Peptidlerle birlikte Kleopatra aşısının içerisinde amino asitler de bulunmaktadır.

Amino asit nedir?

Amino asitler genel sağlık üzerinde önemli rol oynarken güzelleşme tedavilerinde de kullanılabiliyor. Amino asitlerin sayısı çok fazla olsa da yaklaşık 20 tanesi, diğerlerinden daha fazla önem arz ediyor. Bunlar ise esansiyel ve esansiyel olmayan amino asitler olmak üzere ikiye ayrılmaktadır.

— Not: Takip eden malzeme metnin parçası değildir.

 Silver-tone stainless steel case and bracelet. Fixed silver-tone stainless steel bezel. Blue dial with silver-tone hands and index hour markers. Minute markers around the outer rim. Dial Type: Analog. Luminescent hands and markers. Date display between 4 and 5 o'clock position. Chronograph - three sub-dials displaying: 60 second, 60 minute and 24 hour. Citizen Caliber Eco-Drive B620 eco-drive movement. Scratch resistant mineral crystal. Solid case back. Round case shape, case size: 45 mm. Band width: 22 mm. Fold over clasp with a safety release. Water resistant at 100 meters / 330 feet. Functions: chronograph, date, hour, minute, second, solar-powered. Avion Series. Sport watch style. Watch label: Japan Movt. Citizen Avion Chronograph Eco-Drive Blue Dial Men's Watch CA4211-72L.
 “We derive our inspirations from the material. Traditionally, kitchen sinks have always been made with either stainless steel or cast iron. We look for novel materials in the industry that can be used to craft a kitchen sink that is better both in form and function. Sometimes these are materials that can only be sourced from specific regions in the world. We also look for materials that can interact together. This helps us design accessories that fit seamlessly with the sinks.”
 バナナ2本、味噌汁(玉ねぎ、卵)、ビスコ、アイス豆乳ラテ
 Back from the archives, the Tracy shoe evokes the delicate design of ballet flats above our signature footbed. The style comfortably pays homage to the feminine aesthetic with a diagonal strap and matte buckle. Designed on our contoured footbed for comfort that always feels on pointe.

Esansiyel amino asitler, vücut tarafından üretilmeyen amino asitlerdir. Bu amino asitleri bazı gıdaları ya da takviyeleri tüketerek alabilirsiniz.

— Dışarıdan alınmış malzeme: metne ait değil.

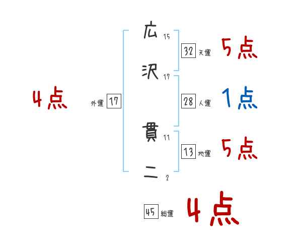 広沢貫二さんの画数の鑑定結果
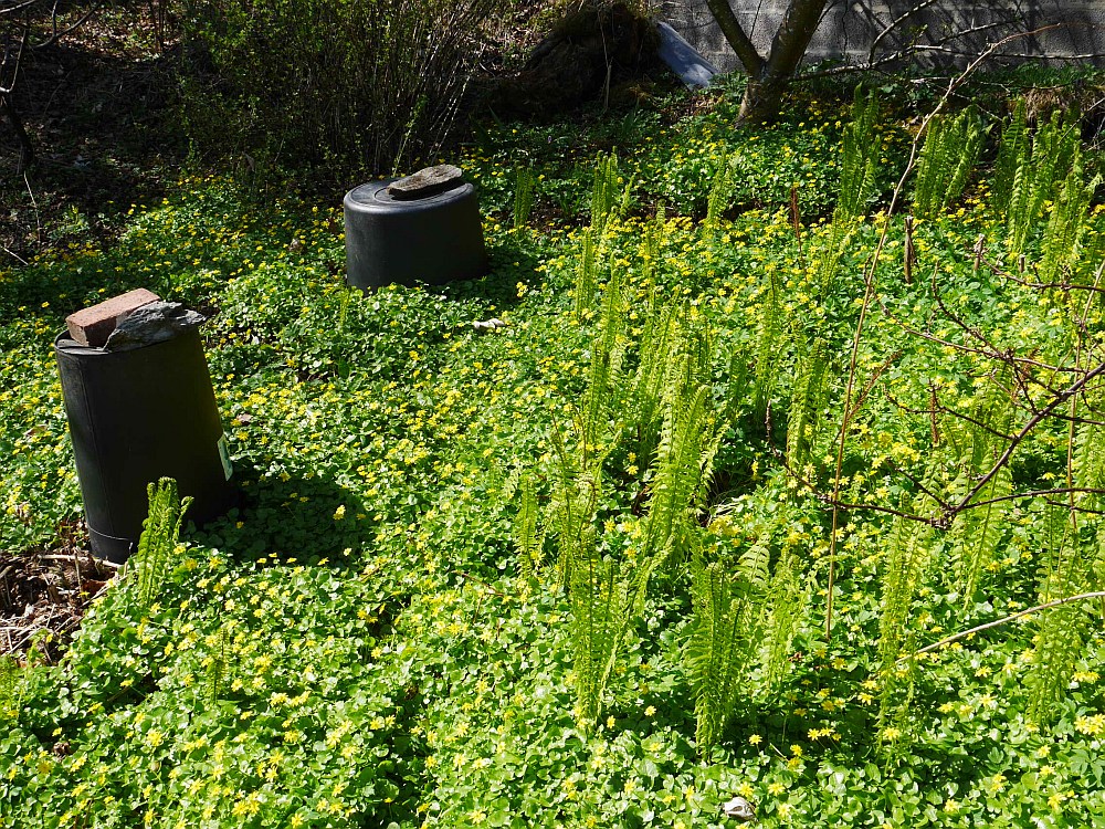 The local variety of ostrich fern has already come too far to eat, here in a sea of lesser celandine flowers with buckets over my udo plants!
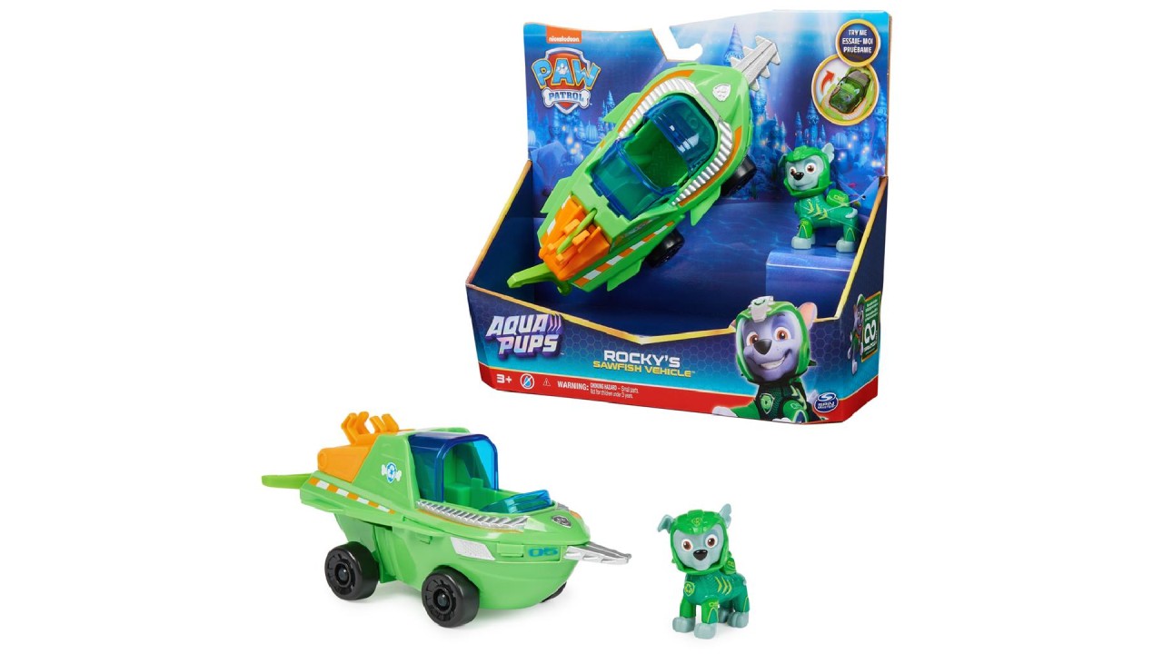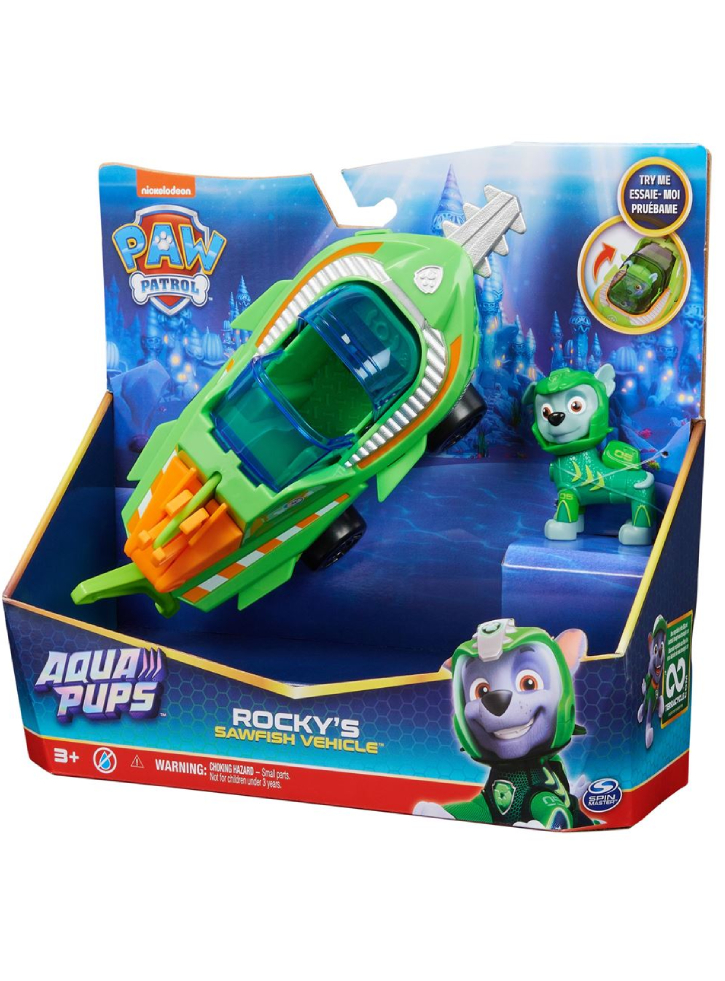 Cu costumul său verde de neopren și casca Aqua Pups, Rocky este pregătit pentru salvări supraîncărcate în oceanul prefăcut! Vehiculul Sawfish al lui Rocky are o transformare interesantă.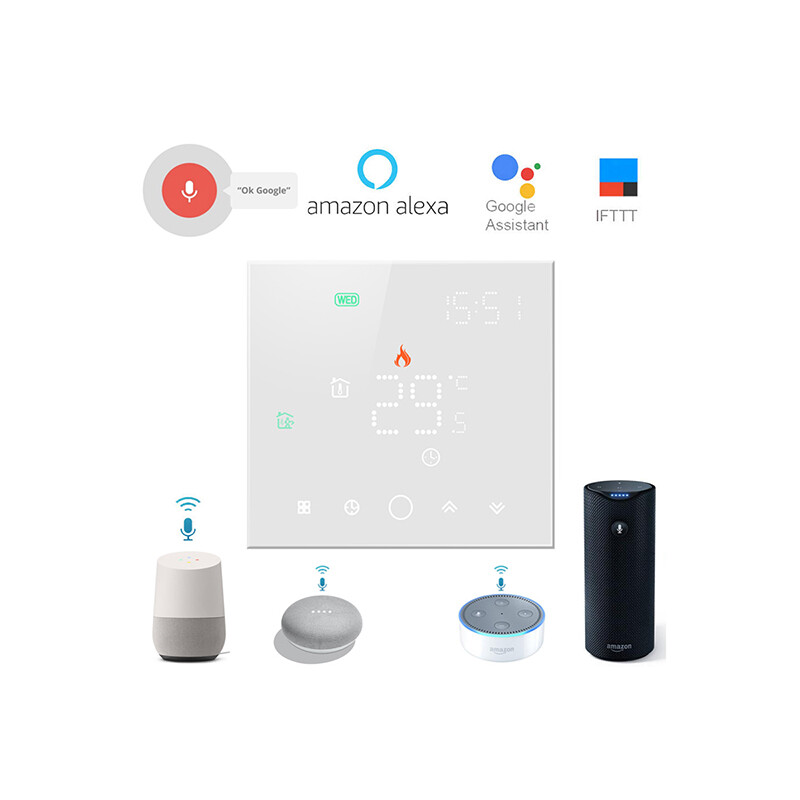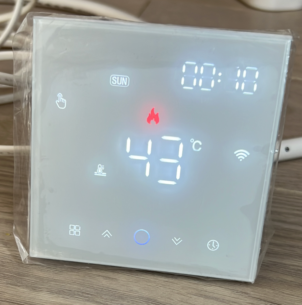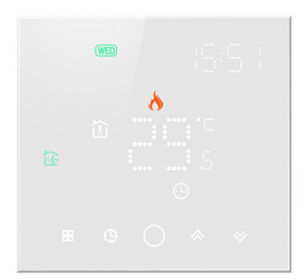 Программируемый терморегулятор с WIFI имеет на передней панели дисплей и пять кнопок управления. Данные тепрературы на экране покажут вам текущую температуру и влажность в помещении, с его помощью вы можете выбрать и настроить нужный режим как на самом термостате, так и дистанционно со смартфона. Все языки настроек синхронизируются под ваш часовой пояс, адрес, язык.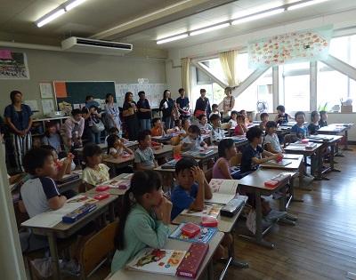 教科書の教材に関連する本を担任の先生が読み聞かせていました。みんな集中して聞いていました。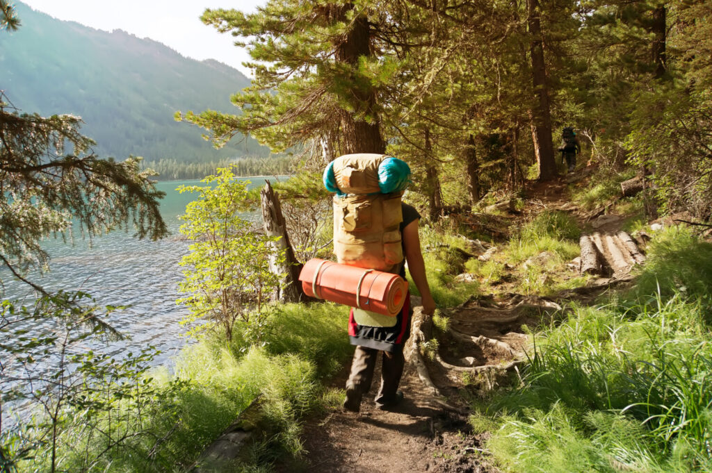 un mochilero con una mochila grande grupo de viajeros con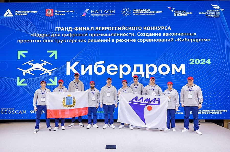 В гранд-финале «Кибердром.2024» команда НПП «Алмаз» Diamond Sky набрала наибольшее количество очков по итогам этапов «Дрон-Разведка», «Кибердоставка», «Дрон-сим» и «Робо-прог».

Esansiyel olmayan amino asitler ise vücut tarafından üretilir ve bunları beslendiğiniz gıdalardan ya da takviyelerden almanıza gerek yoktur.

Faydaları nelerdir?

Amino asitler sağlıklı bir cilt için olmazsa olmazların başında gelmektedir. Amino asitler peptid ve protein blokları oluşturur ve her bir amino asidin cilt bakımında belli bir görevi vardır. Amino asitlerin bazıları ciltte doğal olarak oluşur ve vücudunuza su transferini sağlayan sistem olan aquaporinler ile birlikte cildin nemlenmesine yardımcı olur. Bazı amino asitler ise antioksidan olarak çalışır ve cildinizin antioksidan üretmesine yardımcı olur. Araştırmaların gösterdiğine göre sentetik amino asitler hayvan ve bitki kaynaklı olan amino asitlerden daha iyi nemlendiriyor. Amino asitler ister dışardan ister ister dışardan alınsın bağışıklık sisteminin güçlenmesini, cildin nemin korumasını ve genel olarak sağlıklı görünmeyi sağlar. Bunun yanında cildin yaşlanma belirtilerinden olan serbest radikallerden korur.

Zengin içeriği ile ciltte düzelmeler sağlayan Kleopatra aşısı, sağlıklı hücrelerin oluşmasını sağlar. Özellikle çizgiler ve kırışıklıklardan şikayetçiyseniz bu sorunlardan kurtulmak için Kleopatra aşısı ile tedavi görebilirsiniz. Yaşlanmanın etkilerinin yanında vücutta deforme olan bölgelerde de bu tedavi kullanılabilmektedir. Bu gibi durumlarda Kleopatra aşısı uygulandığında sorunlu bölgelerde düzelme sağlanabilmekte ve daha sağlıklı bir görünüm elde edilebilmektedir.